Wij gaan uit van hoofdbranches. Die hoofdbranches zijn nadere gespecificeerd in subcategorieën. In beginsel geldt: maximaal één subcategorie per ondernemer. In de praktijk blijkt een aantal marktkooplieden waren uit meerdere branches te verkopen (zie bijvoorbeeld de branches 2.11 en 2.12: deze branches worden door één marktkoopman verkocht). Met het toestaan van meerdere branches per marktkoopman wordt zéér terughoudend omgegaan.
Brancheoverschrijdende artikelen
Soms is sprake van brancheoverschrijdende artikelen. Bijvoorbeeld T-shirts. Deze kunnen worden verkocht als bovenkleding, onderkleding, nachtkleding, vrijetijdskleding of als supportersartikel. Een ander voorbeeld zijn pindarotsjes: zijn dat pinda’s met chocolade of chocolade met pinda’s?. Dit soort artikelen kunnen tot het kernassortiment van diverse subcategorieën behoren, maar worden aangemerkt als brancheoverschrijdende artikelen. Dergelijke artikelen behoren tot meerdere branches.

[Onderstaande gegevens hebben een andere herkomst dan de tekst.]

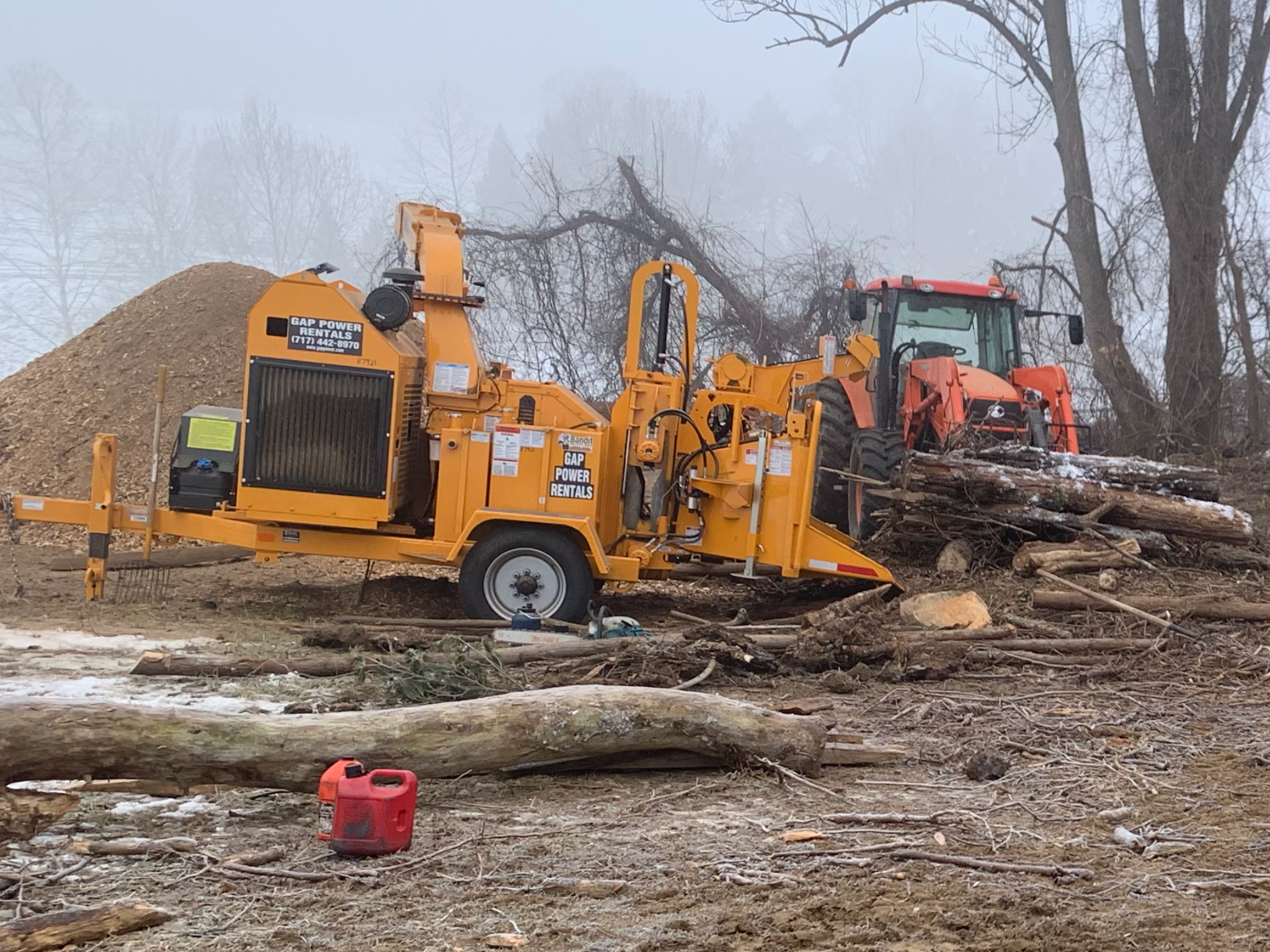 Another view early AM, making real good progress. In the middle of the pile is a ravine. They first started by filling the ravine with logs, limbs and brush. That material is too far gone to chip, so the customer agreed to leave in the ravine and let nature turn it to soil.

Situatie in Zaltbommel en overgangssituatie.
De branches die op dit moment op de dinsdagmarkt vertegenwoordigd zijn en het aantal standplaatsen binnen die branche is als uitgangspunt genomen. Wij hebben signalen ontvangen dat er op dit moment een overaanbod is binnen de branches 1.7 (stoffen voor kleding) en 2.4 (fruit). Het aantal standplaatsen in die branche is daarom in de nieuwe situatie (uiteraard met inachtneming van de overgangstermijn) met één teruggebracht. Concreet betekent de overgangssituatie dat de huidige standplaatshouders mogen blijven verkopen waarvoor vergunning is verleend. Komt de standplaats door intrekking van de vergunning vrij, dan betekent dat de vrijgekomen plaats niet wordt ingevuld met dezelfde branche.
Op 7 december 2003 is voor de zaterdagmarkt een lijst vastgesteld van branches die in ieder geval op de zaterdagmarkt vertegenwoordigd zouden moeten zijn. Daarbij is aangegeven dat de zaterdagmarkt een traditionele en kleinschalige (vers)markt is. Om de zaterdagmarkt aantrekkelijk te laten zijn en te houden is een goed en gevarieerd, maar vooral ook stabiel aanbod van waren noodzakelijk. Dat betekent dat bij het vrijkomen van een plaats op de zaterdagmarkt binnen de aangewezen branches de plaats opgevuld moet gaan worden door een aanbieder van soortgelijke waren.
De branches die bij besluit van 7 december 2003 als zodanig zijn aangewezen worden met dit besluit niet gewijzigd.